Every serious scientist agrees that climate change is real and is going to absolutely devastate the world, especially its poorest people, without serious action. Jesus calls us to love the poor above any other people. As far as I can tell, my church has never given a sermon on climate change, or even discussed taking any actions whatsoever to mitigate it.
In this case, our call to “unity” is in explicit conflict with our call to love our neighbors. If you decide to care about the global poor, you will alienate members who don’t believe in climate change. If you decide to stay quiet for the sake of fraternity with your climate change-denying members, you are committing a terrible act against the global poor. Who do we care more about unity with?
I’m not an expert in how to pursue racial reconciliation, how to fight climate change, how to support LGBT people in religious settings, how to fight sexism, or any of these things. And yet because of how my church keeps alienating actual experts on these things until they leave, I constantly find myself being “the voice” of these positions.
This is bad for my church, because they’re getting my garbled thoughts instead of real expertise. But it’s also really really bad for me, because it takes away my opportunity to learn and actually grow from people who do know (and, in worse moments, it can convince me I already know things that I desperately need to learn.) My spiritual development is seriously hindered by the fact that my church isn’t doing anything to help me learn to love people better. (Shoutout to my campus’s Episcopal ministry for accepting me and giving me somewhere to grow spiritually!)
But what really bothers me about talk of “unity” is the elephant in the white Evangelical Church: huge amounts of time and expertise and money, from Fox and Newsmax to the Southern Baptist Theological Seminary, have gone into convincing white Evangelicals to believe in conspiracy theories, to distrust people who look different from them, to tie a holy faith to a deeply unholy nationalism, and to treat their marginalized neighbors with every sort of callousness and cruelty.
When I hear calls for “unity” in the church, to avoid “splitting the church in two”, I hear a call to pretend that this situation is okay.
I affirm that we should love our neighbors who are trapped in disinformation bubbles, especially since seeing through many of the lies and deception techniques takes education that not everybody has access to.
But the “calls to unity” are more than that. So often they turn into calls to stay in churches that have fundamentally lost sight of the gospel — that rail against LGBT people but have nothing to say about poverty, that think baking a cake for a gay wedding or letting a celibate gay pastor preach is somehow a bigger affront to God than promoting conversion therapy, that talk about loving their neighbor while denouncing vaccines and calling any sort of justice for the poor “socialism”.
Or perhaps churches that have replaced the very political, very anti-oppression gospel with a sort of safe, otherworldly centrism. Christian unity then demands that we talk about our church’s support for racial reconciliation while members of our leadership denounce BLM as a “Marxist conspiracy theory”, or that we skim over passages about the need to fight for the rights of the poor and the marginalized to reach a safe “everyone just needs Jesus” conclusion, or that we assume holding a one-morning-per-month service project in our new nearly-ten-million-dollar-building is somehow fulfilling our church’s obligations towards to poor.

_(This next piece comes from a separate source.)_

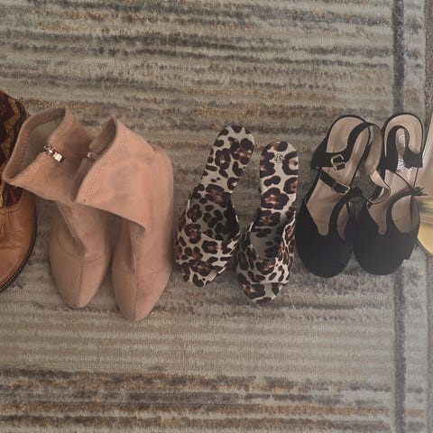 Noen er ubrukt og noen er fin brukt. Forskjellige vesker og sko.

I am not saying everybody should leave such churches — indeed, I’m still at my church because of the hope against all hope that despite all this anxiety and frustration maybe I can push it to be a little bit more neighbor-loving.
But if your calls to unity don’t include a call to repent of actual sin, don’t distinguish “differences of opinion” from “dangerous conspiracy theories” and don’t include a real path to unity with the people your church’s actions have marginalized?
Then maybe the unity you’re looking for isn’t Christ’s after all.